The next day I was back and went up to her and said, “Some of these, please,” and held open the bag while she scooped them in. I still have that first pound of lentils sitting in the dark of a cupboard somewhere, waiting for Godot. Tuesday it was corn meal and rock salt, Wednesday a string of garlic that hung above her head. Two eggplants on Thursday to learn Thursday was her day off, that her name was Anna. And Friday she smiled me back my change and said, “Nice to see you again.”
All the next week this went on. Isn’t it odd how a man will go up to his neck in quicksand before he’ll go up to a woman? Okay. It would be Monday then, late Monday, with a scrap of wind caught in the awning, dusk with its small hand on the glass, and she was huddled over a bin of something I didn’t know the name for. When she looked at me, she brushed away the hair from her eyes with the back of her hand, and she was so beautiful you would love her in a very small room or in no room at all.
“Anna,” I said, going up to her, that word a stone for the throat, “Anna,” I said, “my pantry’s full.”
This piece had people nodding along and delighting in the word play and was the kind of piece Eddie would write more of and read at subsequent open mics in the next couple years as Writers’ Bloc became a thriving, well-attended event. Eddie would often finish his readings with a poem, probably one that stuck in one’s cranium for the next day or two or week. His poems did what the best poetry does: make you sit up and pay a closer kind of attention, the kind that elicits gooseflesh, the kind that makes leaps, the kind that makes the heart leap. The kind that was, itself, like Eddie Micus at his finest: arresting and poignant.
“Arm-Wrestling”
by Edward Micus
They have propped their elbows on the back table at Maggie’s Saloon, two hinges primeval, evolved in natural rubber and bone, a fulcrum where a billion years have swung, and above each hinge a tattoo farm. Now we have the hooking up, the forearms join along a seam. It could be a kind of mating. Two thumbs embrace to make a hitch, then palm to palm, eight fingerhooks. Inside each arm a band of muscles, strung and tuned, plays the battle hymn.

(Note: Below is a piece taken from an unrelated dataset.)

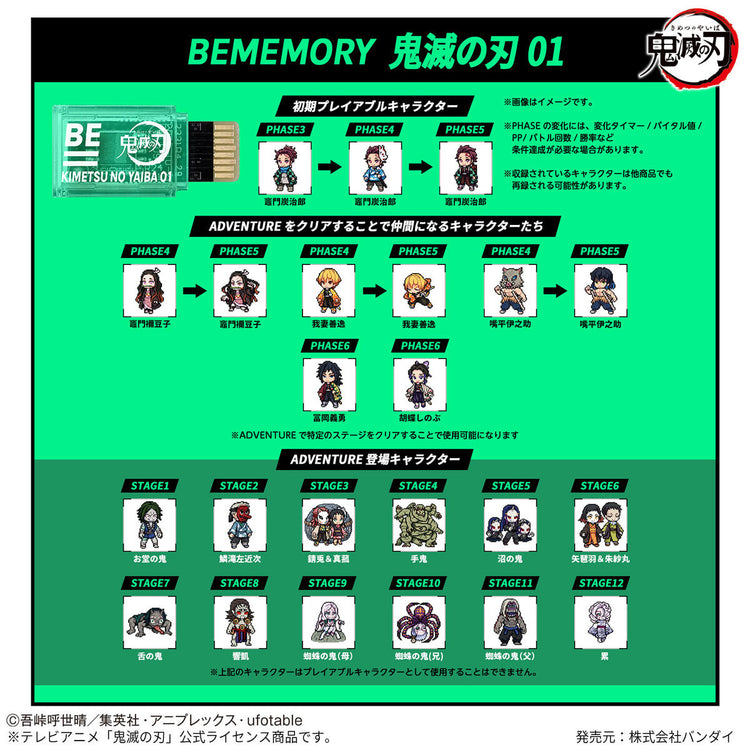 The contents are the same as "BEMEMORY Demon Slayer 01 01" included in the "VITAL BRACELET BE Demon Slayer Special Set" to be released through Premium Bandai.

The heart shifts gears, blood hurries along, something triggers in the groin. I know a woman who, if you love her enough, will lie beside you and settle the back of her hand along your cheek, or your temple, say, with the palm facing out to show there is nothing in the hand a kind of surrender, if you like, as if you had won.
“Three Sons”
by Edward Micus
I have three sons one day. If the weather with their mother is fair by phone, I drive to Sunday town, pull up to a yellow house. Three boys step down and fall across the lawn. The oldest one wears a gold circle in his ear. The middle boy is mostly grown. He still waves a child’s hand. They fill the car with words. I split my heart into thirds. Last week I swear we had a bigger car.We burn hot dogs at the park.I count their bones.At 9:00 they become un-sons again.I say goodnight and turn them in.“Gotcha last,” the youngest says. Every mile of highway back asks what father is.